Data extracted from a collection
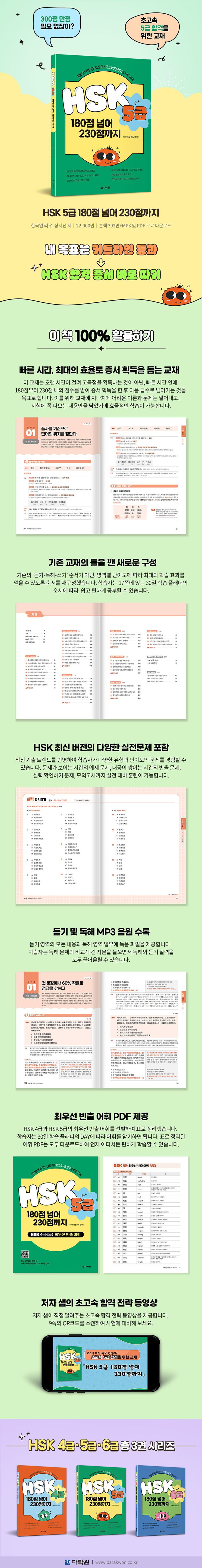 이 교재는 오랜 시간이 걸려 고득점을 획득하는 것이 아닌, 빠른 시간 안에 180점부터 230점 내의 점수를 받아 증서 획득을 한 후 다음 급수로 넘어가는 것을 목표로 합니다. 이를 위해 교재에 지나치게 어려운 이론과 문제는 덜어내고, 시험에 꼭 나오는 내용만을 담았기에 효율적인 학습이 가능합니다.
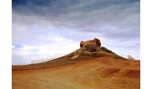 屬唐代護(hù)路烽燧,位于火焰山北麓一條干涸河道兩側(cè),七泉湖火車站正南11公里,有小路通遺址旁。七泉湖薩依烽燧為古代穿越火焰山通道上的重要遺址,現(xiàn)外表呈梯形,分上下兩層,每層又分左右兩室,在臺階可登上層瞭望周圍景觀。
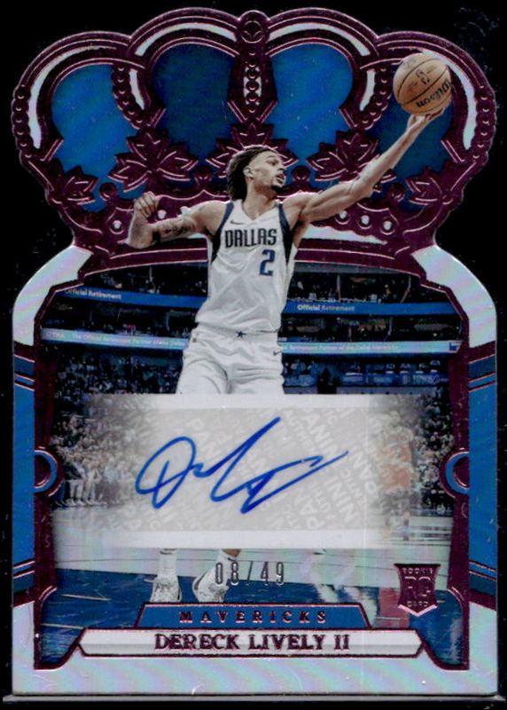 The Dereck Lively II 2023 Crown Royale #RC-LIV Rookie Crown Autographs - Pink /49 card is 1 of 63 Dereck Lively II's card variations in the 2023 Crown Royale set being tracked by Sports Card Investor, including #105 Base, #5 Base, #5 Crystal, #5 International Red, and #5 Royalty.
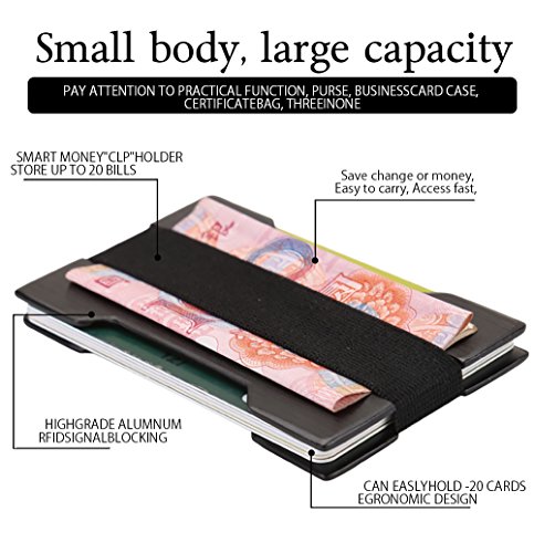 Binding : Apparel Product Description Great Quality SUPER SLIM: This wallet is as slim as they come! Minimalist as can be. If you appreciate your pocket space, then you will appreciate this wallet. Actually, you will love it! Perfect for front pocket wallet. TWO SILICONE BANDS INCLUDED: Small size holds 1-4 cards, and larger holds 4-10. No need to worry about band ripping, your in good hands. MONEY CLIP: Back side of wallet has flexible band so can keep cash in there. Use the inside for credit cards, and outside for money clip. RFID BLOCKING: Made out of RFID blocking technology, you no longer have to worry about thieves stealing your credit card information. BEAUTIFULLY DESIGNED: Brilliantly designed, this wallet is a true minimalist wallet, yet at the same, offers complete functionality and is easy to use.
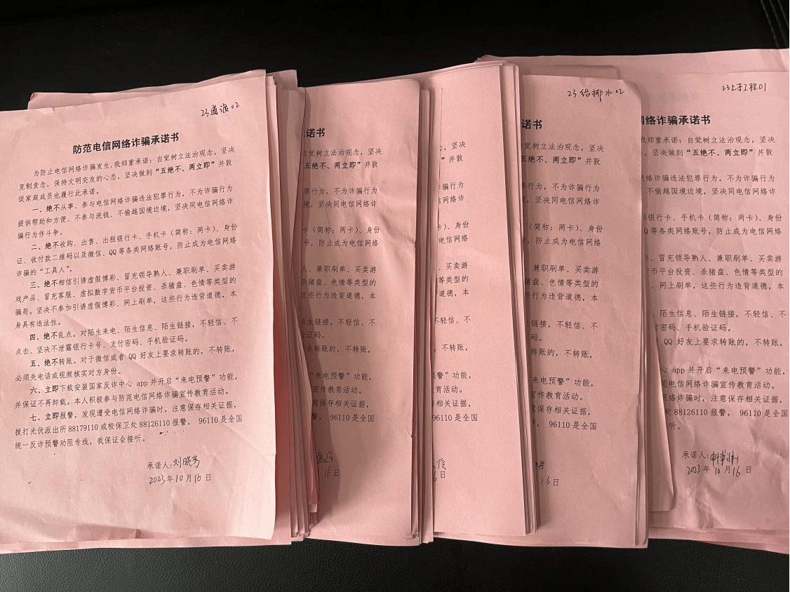 会上,各班级班长向每位同学发放了《防范电信网络诈骗承诺书》,带领同学们认真学习承诺书内容,共同了解电信网络诈骗的常见手段,号召全体同学要自觉增强网络安全意识和对骗术的鉴别能力。随后,各班组织开展《防范电信网络诈骗承诺书》签订活动,每位同学都在承诺书上郑重地签上自己的名字。
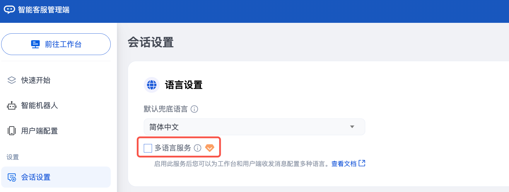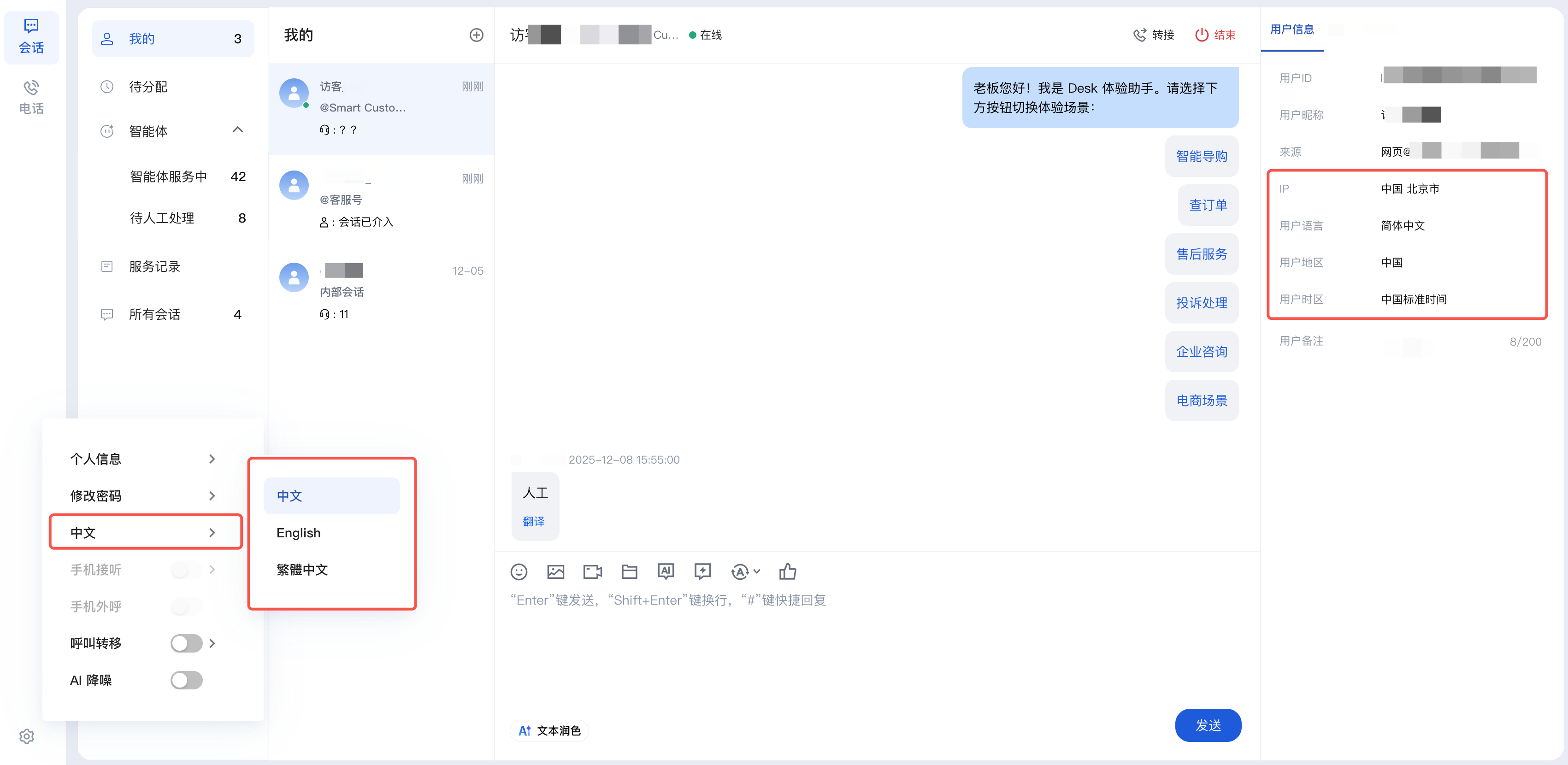 在 管理端,单击前往工作台,即可免密登录 工作台,并在工作台中以 员工 角色查看机器人正在接待的会话、处理“转人工”的用户对话,在对话右侧的用户信息栏会展示用户的 IP、语言、地区以及时区。同时,工作台页面左下角的设置中,也支持切换工作台界面语言。
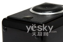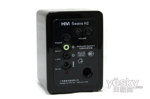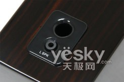 惠威H2背部:音量、开关按键式设计,尽管未使用旋钮方式,音量操控还是比较好用的。首先,音量+和音量-的按键是凸起和凹入,通过手感就能执行大脑的命令。其次,关机后,出于保护的目的,音量会归为低位。副箱背部为3.5mm功率输入插座,由主箱一线输出至副箱,方便用户连接和摆放。
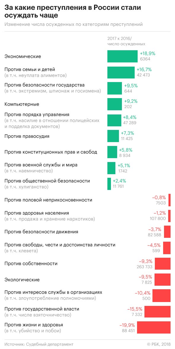 Также возросло число приговоров за преступления против семьи и несовершеннолетних (это, например, неуплата алиментов или вовлечение ребенка в преступления), против основ конституционного строя и безопасности государства (возбуждение ненависти либо вражды, госизмена, шпионаж), а также в сфере компьютерной информации.

Description of the task —
Output the records above exactly as they are, leaving out the pictures.

Task response —
 이 교재는 오랜 시간이 걸려 고득점을 획득하는 것이 아닌, 빠른 시간 안에 180점부터 230점 내의 점수를 받아 증서 획득을 한 후 다음 급수로 넘어가는 것을 목표로 합니다. 이를 위해 교재에 지나치게 어려운 이론과 문제는 덜어내고, 시험에 꼭 나오는 내용만을 담았기에 효율적인 학습이 가능합니다.
 屬唐代護(hù)路烽燧,位于火焰山北麓一條干涸河道兩側(cè),七泉湖火車站正南11公里,有小路通遺址旁。七泉湖薩依烽燧為古代穿越火焰山通道上的重要遺址,現(xiàn)外表呈梯形,分上下兩層,每層又分左右兩室,在臺階可登上層瞭望周圍景觀。
 The Dereck Lively II 2023 Crown Royale #RC-LIV Rookie Crown Autographs - Pink /49 card is 1 of 63 Dereck Lively II's card variations in the 2023 Crown Royale set being tracked by Sports Card Investor, including #105 Base, #5 Base, #5 Crystal, #5 International Red, and #5 Royalty.
 Binding : Apparel Product Description Great Quality SUPER SLIM: This wallet is as slim as they come! Minimalist as can be. If you appreciate your pocket space, then you will appreciate this wallet. Actually, you will love it! Perfect for front pocket wallet. TWO SILICONE BANDS INCLUDED: Small size holds 1-4 cards, and larger holds 4-10. No need to worry about band ripping, your in good hands. MONEY CLIP: Back side of wallet has flexible band so can keep cash in there. Use the inside for credit cards, and outside for money clip. RFID BLOCKING: Made out of RFID blocking technology, you no longer have to worry about thieves stealing your credit card information. BEAUTIFULLY DESIGNED: Brilliantly designed, this wallet is a true minimalist wallet, yet at the same, offers complete functionality and is easy to use.
 会上,各班级班长向每位同学发放了《防范电信网络诈骗承诺书》,带领同学们认真学习承诺书内容,共同了解电信网络诈骗的常见手段,号召全体同学要自觉增强网络安全意识和对骗术的鉴别能力。随后,各班组织开展《防范电信网络诈骗承诺书》签订活动,每位同学都在承诺书上郑重地签上自己的名字。
 在 管理端,单击前往工作台,即可免密登录 工作台,并在工作台中以 员工 角色查看机器人正在接待的会话、处理“转人工”的用户对话,在对话右侧的用户信息栏会展示用户的 IP、语言、地区以及时区。同时,工作台页面左下角的设置中,也支持切换工作台界面语言。
 惠威H2背部:音量、开关按键式设计,尽管未使用旋钮方式,音量操控还是比较好用的。首先,音量+和音量-的按键是凸起和凹入,通过手感就能执行大脑的命令。其次,关机后,出于保护的目的,音量会归为低位。副箱背部为3.5mm功率输入插座,由主箱一线输出至副箱,方便用户连接和摆放。
 Также возросло число приговоров за преступления против семьи и несовершеннолетних (это, например, неуплата алиментов или вовлечение ребенка в преступления), против основ конституционного строя и безопасности государства (возбуждение ненависти либо вражды, госизмена, шпионаж), а также в сфере компьютерной информации.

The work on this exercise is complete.